- What is expected:
Write the records out once more, so that nothing differs from the original.

┄┄┄┄┄┄┄┄┄┄

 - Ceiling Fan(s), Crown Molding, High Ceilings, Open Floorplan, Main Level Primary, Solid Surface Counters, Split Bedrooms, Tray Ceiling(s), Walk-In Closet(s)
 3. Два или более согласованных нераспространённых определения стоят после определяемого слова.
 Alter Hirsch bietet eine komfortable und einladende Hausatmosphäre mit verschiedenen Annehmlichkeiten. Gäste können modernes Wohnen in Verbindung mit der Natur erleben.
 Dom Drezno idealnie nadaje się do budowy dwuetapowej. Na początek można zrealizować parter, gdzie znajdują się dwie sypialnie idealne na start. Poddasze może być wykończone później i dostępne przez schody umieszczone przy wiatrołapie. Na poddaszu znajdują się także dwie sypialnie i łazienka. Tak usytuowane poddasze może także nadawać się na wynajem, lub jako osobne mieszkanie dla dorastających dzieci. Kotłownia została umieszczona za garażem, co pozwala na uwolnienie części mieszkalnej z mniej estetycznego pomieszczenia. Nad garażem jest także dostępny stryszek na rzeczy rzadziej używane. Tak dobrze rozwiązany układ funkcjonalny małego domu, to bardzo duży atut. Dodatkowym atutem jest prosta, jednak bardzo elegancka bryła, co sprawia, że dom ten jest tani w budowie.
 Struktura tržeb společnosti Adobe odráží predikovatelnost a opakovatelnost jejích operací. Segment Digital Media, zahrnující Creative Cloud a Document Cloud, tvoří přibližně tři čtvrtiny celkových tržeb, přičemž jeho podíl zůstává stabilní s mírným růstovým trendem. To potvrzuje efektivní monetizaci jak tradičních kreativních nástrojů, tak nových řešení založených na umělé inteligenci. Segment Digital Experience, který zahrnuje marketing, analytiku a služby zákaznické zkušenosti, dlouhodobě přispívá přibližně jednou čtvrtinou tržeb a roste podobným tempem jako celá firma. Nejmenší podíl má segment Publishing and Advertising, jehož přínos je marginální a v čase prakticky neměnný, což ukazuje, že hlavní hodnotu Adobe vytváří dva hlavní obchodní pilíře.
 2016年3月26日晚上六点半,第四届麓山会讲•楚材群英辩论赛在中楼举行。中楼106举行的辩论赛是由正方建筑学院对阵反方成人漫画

┄┄┄┄┄┄┄┄┄┄

- Task answer:
 - Ceiling Fan(s), Crown Molding, High Ceilings, Open Floorplan, Main Level Primary, Solid Surface Counters, Split Bedrooms, Tray Ceiling(s), Walk-In Closet(s)
 3. Два или более согласованных нераспространённых определения стоят после определяемого слова.
 Alter Hirsch bietet eine komfortable und einladende Hausatmosphäre mit verschiedenen Annehmlichkeiten. Gäste können modernes Wohnen in Verbindung mit der Natur erleben.
 Dom Drezno idealnie nadaje się do budowy dwuetapowej. Na początek można zrealizować parter, gdzie znajdują się dwie sypialnie idealne na start. Poddasze może być wykończone później i dostępne przez schody umieszczone przy wiatrołapie. Na poddaszu znajdują się także dwie sypialnie i łazienka. Tak usytuowane poddasze może także nadawać się na wynajem, lub jako osobne mieszkanie dla dorastających dzieci. Kotłownia została umieszczona za garażem, co pozwala na uwolnienie części mieszkalnej z mniej estetycznego pomieszczenia. Nad garażem jest także dostępny stryszek na rzeczy rzadziej używane. Tak dobrze rozwiązany układ funkcjonalny małego domu, to bardzo duży atut. Dodatkowym atutem jest prosta, jednak bardzo elegancka bryła, co sprawia, że dom ten jest tani w budowie.
 Struktura tržeb společnosti Adobe odráží predikovatelnost a opakovatelnost jejích operací. Segment Digital Media, zahrnující Creative Cloud a Document Cloud, tvoří přibližně tři čtvrtiny celkových tržeb, přičemž jeho podíl zůstává stabilní s mírným růstovým trendem. To potvrzuje efektivní monetizaci jak tradičních kreativních nástrojů, tak nových řešení založených na umělé inteligenci. Segment Digital Experience, který zahrnuje marketing, analytiku a služby zákaznické zkušenosti, dlouhodobě přispívá přibližně jednou čtvrtinou tržeb a roste podobným tempem jako celá firma. Nejmenší podíl má segment Publishing and Advertising, jehož přínos je marginální a v čase prakticky neměnný, což ukazuje, že hlavní hodnotu Adobe vytváří dva hlavní obchodní pilíře.
 2016年3月26日晚上六点半,第四届麓山会讲•楚材群英辩论赛在中楼举行。中楼106举行的辩论赛是由正方建筑学院对阵反方成人漫画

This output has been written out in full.